Trois jours après, soixante chevaliers se retrouvent dans un champ clos. Sur les trente chevaliers de chaque clan, il y en a cinq à cheval et les autres sont à pied. Le choix des armes est libre et est constitué de dagues, épées et haches.

Lorsque le signal est donné, les soixante chevaliers se lancent les uns vers les autres. Et cela se fait dans le vacarme des armures et des armes qui s'entrechoquent. Si les hommes de Brandebourg commencent par prendre le dessus, ce dernier tombe à la suite d'un coup de lance. Il ne se relève pas. Une pause dans les combats est faite.
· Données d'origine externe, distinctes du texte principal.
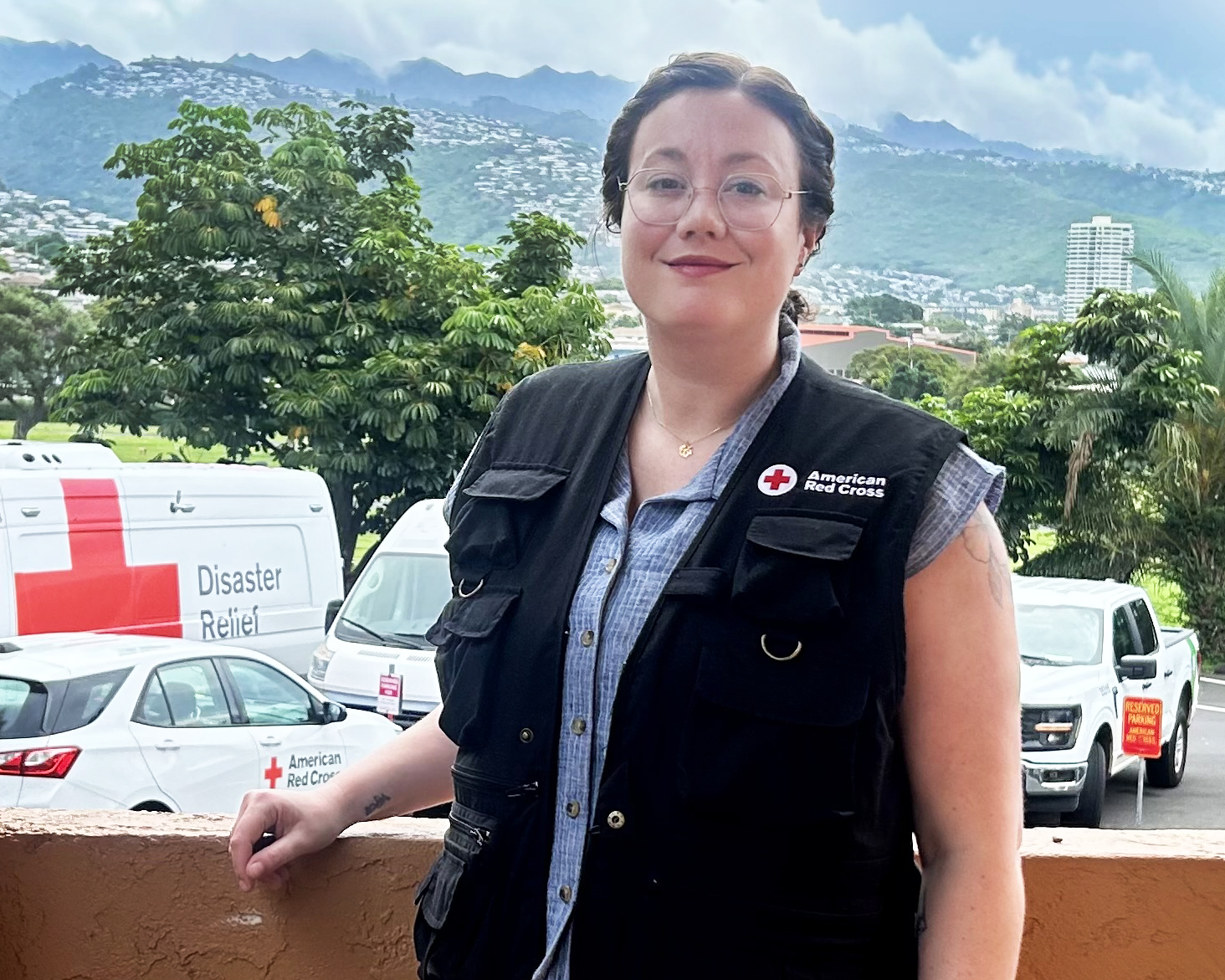After serving as assistant director of external relations for the Red Cross response in Hawai‘i, Mary Simkins repacked her bags to head to Guam to take on a similar role.

Les combats recommencent et Beaumont, se battant à pied, est gravement blessé. Les bretons s'agglutinent pour former un carré et ainsi réduire à néant les offensives françaises. Montauban, le seul encore à cheval, fonce sur le carré breton qui s'ébranle, permettant aux chevaliers français d'assaillir leurs adversaires. Devant un tel assaut, ils se rendent. Il reste neuf bretons et six français sur les soixante chevaliers du départ.

Si les survivants sont vus comme des héros, les clercs n'approuvaient pas cette recherche d'honneur des chevaliers.
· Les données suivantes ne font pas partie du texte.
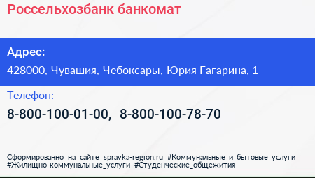 Россельхозбанк, банкомат по адресу 428000, Чувашия, Чебоксары, Юрия Гагарина, 1 в дальнейшем Организация, размещена в следующих категориях:

La chevalerie établit à partir du XIIème siècle un code "éthique". Ainsi les valeurs de courage, de loyauté, de courtoisie sont-elles mises en avant et font des chevaliers les protecteurs des représentantes du sexe féminin. Aussi ces exploits représentent-ils pour eux un moyen de séduction.

-Le capitaine est Jehan de Beaumanoir


Les chevaliers :

Jehan de Tyntyniac
Guy de Rochefort
Even Charruel
Robin Raguenel de Saint-Yon
Caro de Bodégat
Guillaume de la Marche
Ollivier Arrel
Jehan Rousselet
Geffroy du Boys (du Bois)


Les écuyers :

Guillaume de Montauban
Alain de Tyntyniac
Tristan de Pestivien
Alain de Keranrais
Ollivier de Keranrais
Louys Gouyon
Le Fontenai ou Le Fontenois
Huet Captus (lisez Catus)
Geffroy de la Roche
Geffroy Poulart
Morice de Trezeguidy
Guyon du Pontblanc
Morice du Parc
Geffroy de Beaucours
Celuy de la Villon (lisez La Villéon)
Geffroy Mellon ou Moelon
Jehannot de Serrant (lisez Sérent)
Olivier Bouteville  (Monteville ?)
Guillaume de la Lande
Symonet Richard  

Les champions étaient tous des bretons.


-Le capitaine est Robert Brambroch (ou Richard de Brandenburg, encore appelé Brembo)


Les combattants :

Canoles (lisez Robert Knolles)
Cavarlay (lisez Hugue de Calverly)
Crucart (lisez Crokart ou Croquart)
Jehan Plesanton
Ridele le Gaillart
Helecoq, son frère
Jennequin Taillart
Rippefort le Vaillant
Richart d’Irlande
Tommelin Belifort
Huceton Clemenbean
Jennequin Betoncamp
Renequin Herouart
Gaultier l’Alemant
Hulbure ou Huebnie le Vilart
Renequin Mareschal
Thommelin Hualton
Robinet Melipart
Isanay le Hardy
Bicquillay
Helichon le Musart
Troussel
Robin Adès
Dango le Couart
Le Nepveu de Dagorne (Dagworth?)
Perrot de Commelain (lisez de Comenan)
Guillemin le Gaillart
Raoulet d’Aspremont
D’Ardaine

Côté anglais, s’étaient joints six aventuriers allemands et quatre bretons du parti de Montfort.